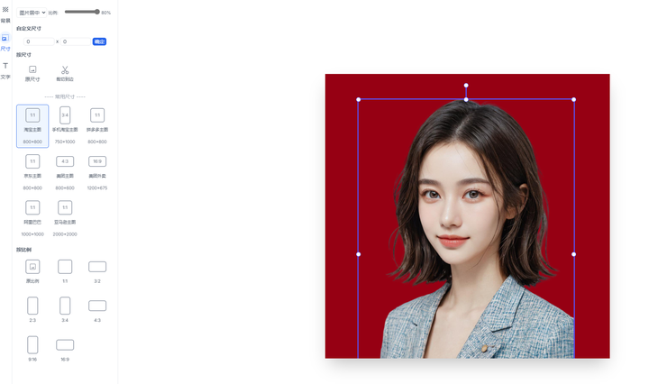 修改尺寸:尺寸可自由选择,网站已经提供了各种尺寸,比如电商、自媒体、证件照、手机、淘宝主图等等。
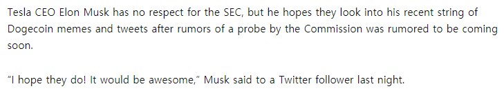 3. 트위터 @First Squawk 에 의해 머스크가 도지코인에 관련해서 SEC의 조사를 받을 수 있다는 소문이 처음 흘러 나왔습니다. 아직까지는 별다른 움직임이 없는데, 머스크는 오히려 조사를 받았으면 좋겠다고 풍자적 표현을 했습니다.
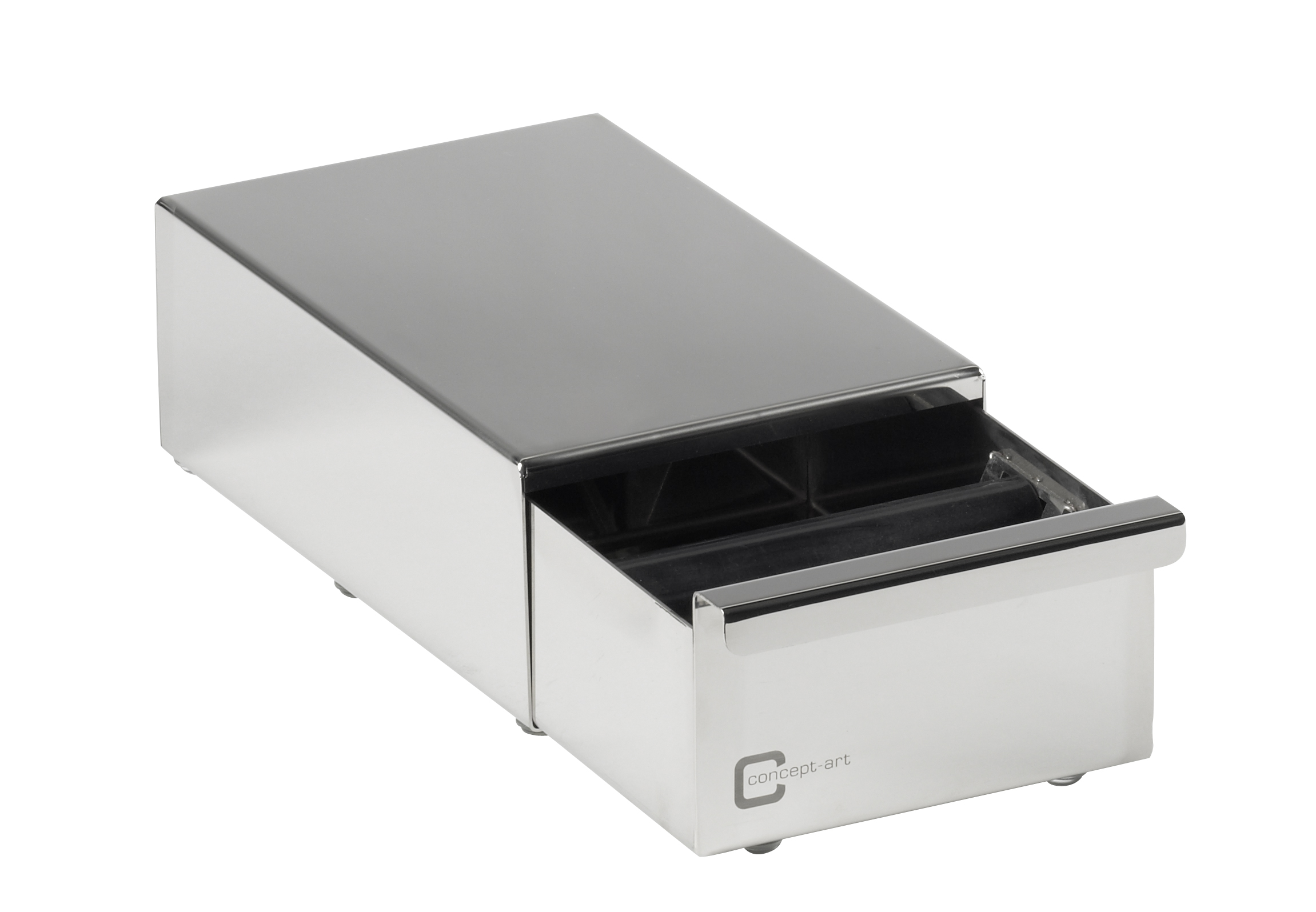 Diese Espresso-Sudschublade aus Edelstahl überzeugt durch Ihr schlichtes Äußeres in der modernen Küche und Ihre Affinität zu den gehobenen Espressomaschinen. Sowohl die Hülle als auch das Innenteil sind komplett aus Edelstahl gefertigt, verschweißt und poliert.
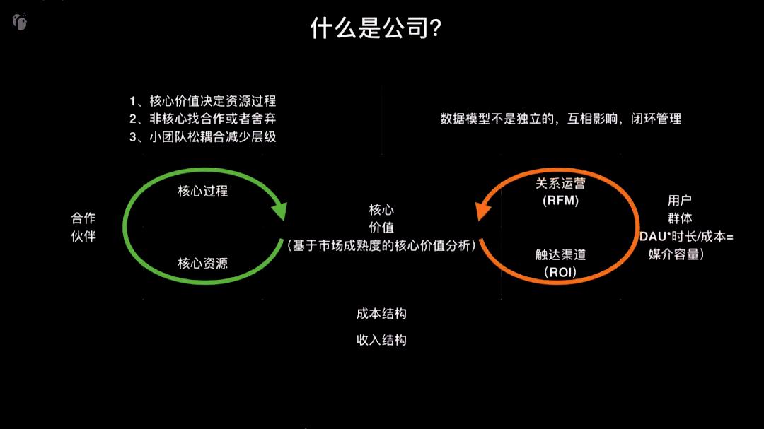 支撑闭环成立要计算成本结构和收入结构。互联网看的是用户群里是什么?DAU×时长/成本=媒介容量。DAU是很多互联网公司用的用户质量。如何触达用户呢?一定会涉及与用户、客户的关系运营模式(RFM),通过渠道触达,构建企业在用户面前的品牌认知。CSM是触达渠道里成本极低的,新客拓展的成本比较高。老客户持续运营的成本是新客户的1/7。透彻分析用户,然后回到产品,统筹核心资源,例如优秀的工程师、产品经理。
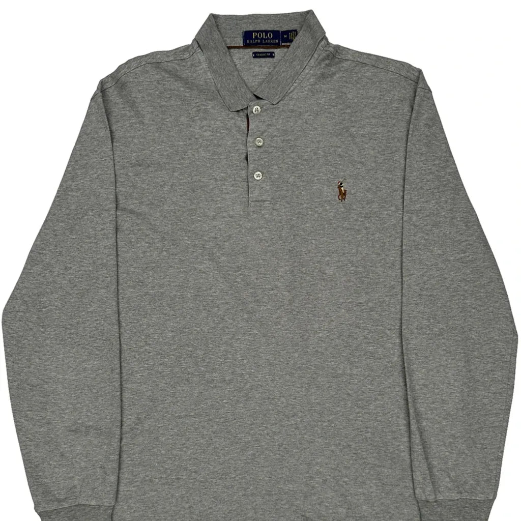 Polo By Ralph Lauren Long Sleeve Polo Shirt - Medium Grey Cotton
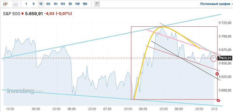 Прогноз негативный. (выход из коридора ап-тренда)
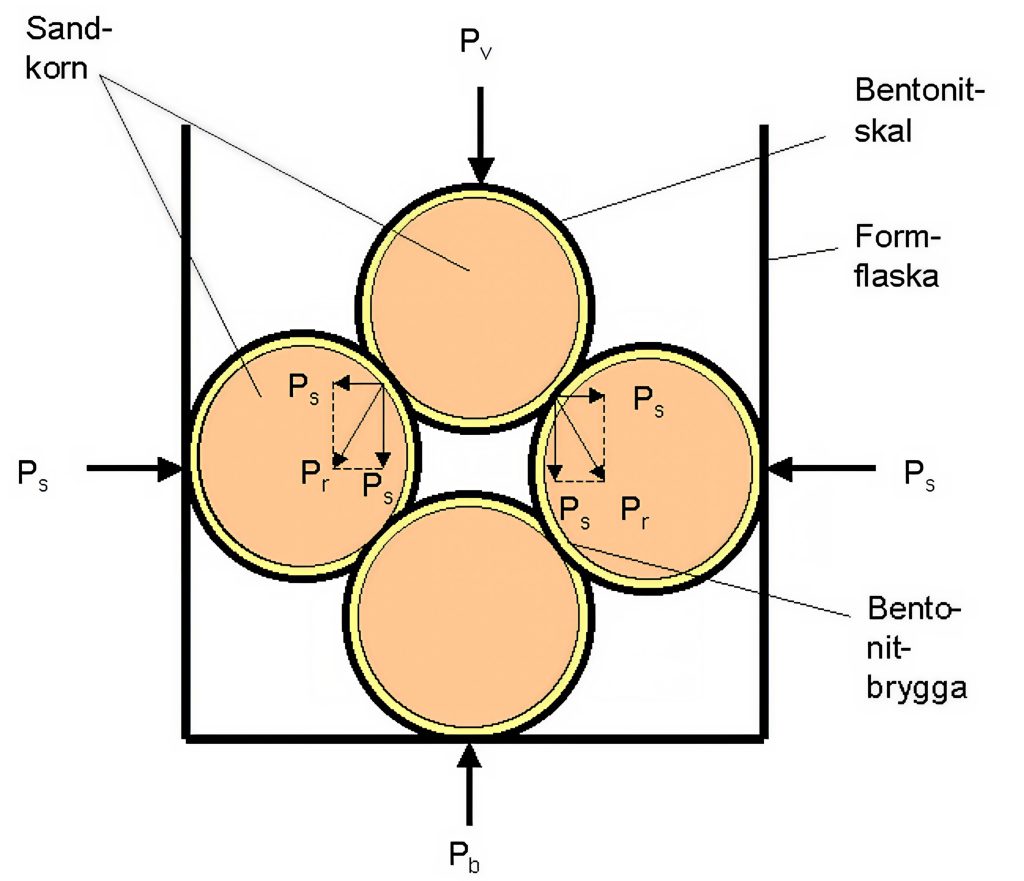För att kunna förstå vad som händer med formmassan under formningen visas förhållandet schematiskt i figur 13 nedan. Vid de konventionella formmaskinerna sker formpackningen med en kraft verkande på formens överyta. I det ögonblick då formmassan påverkas av denna vertikala kraft (Pv) uppstår friktion i kontaktytorna mellan sandkornen. Denna friktion motverkar en jämn packning och därmed lika hårdhet i formens olika delar. Detta kan förklaras med att packningskraften kan uppdelas i en horisontell och en nedåtgående komponent. Även om den horisontella kraften hela tiden är mindre än den vertikala så förloras en del av den nedåtgående kraften på grund av friktion mellan sandkornen. Denna minskning av den nedåtgående kraften begränsar det område där packning kan ske. Den konventionella pressmetoden vid formning är därför endast användbar vid formar med begränsad höjd eftersom hårdheten vid modellytan avtar med ökande höjd på formen.
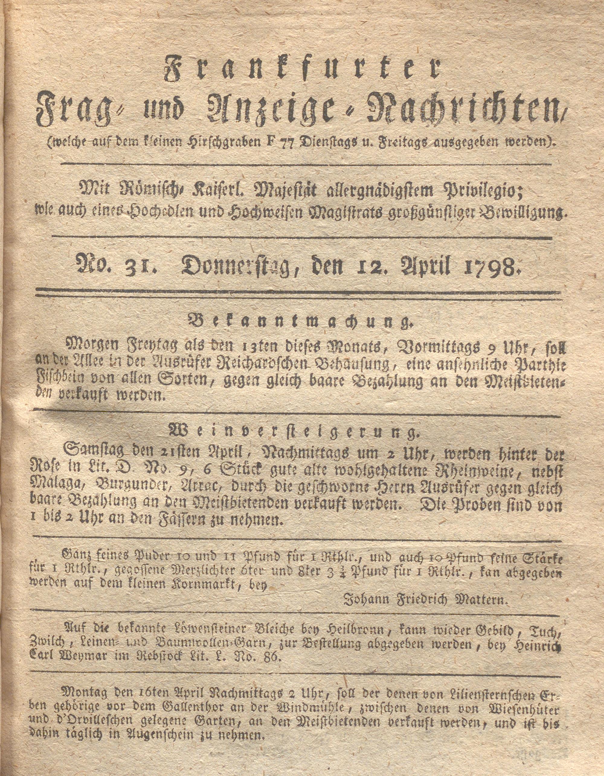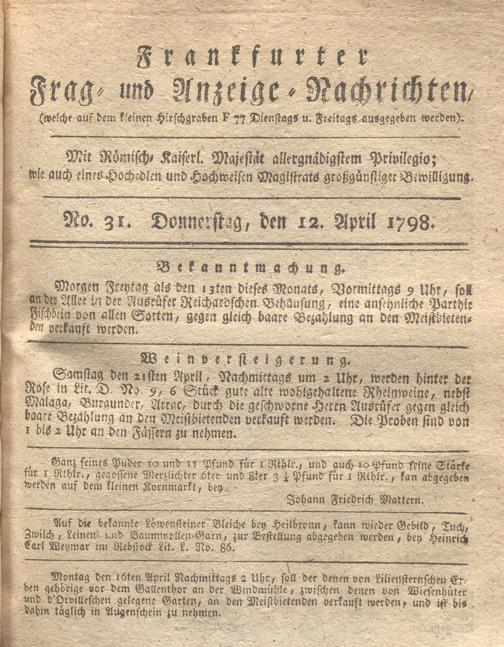 Franckfurter Frag- und Anzeige-Nachricht...
************
REQUIRED WORK> Each line from the line containing "Прогноз негативный. (выход" through the last line above must be written out exactly, and every picture must be omitted.

RESPONSE TO THE TASK>
 Прогноз негативный. (выход из коридора ап-тренда)
För att kunna förstå vad som händer med formmassan under formningen visas förhållandet schematiskt i figur 13 nedan. Vid de konventionella formmaskinerna sker formpackningen med en kraft verkande på formens överyta. I det ögonblick då formmassan påverkas av denna vertikala kraft (Pv) uppstår friktion i kontaktytorna mellan sandkornen. Denna friktion motverkar en jämn packning och därmed lika hårdhet i formens olika delar. Detta kan förklaras med att packningskraften kan uppdelas i en horisontell och en nedåtgående komponent. Även om den horisontella kraften hela tiden är mindre än den vertikala så förloras en del av den nedåtgående kraften på grund av friktion mellan sandkornen. Denna minskning av den nedåtgående kraften begränsar det område där packning kan ske. Den konventionella pressmetoden vid formning är därför endast användbar vid formar med begränsad höjd eftersom hårdheten vid modellytan avtar med ökande höjd på formen.
 Franckfurter Frag- und Anzeige-Nachricht...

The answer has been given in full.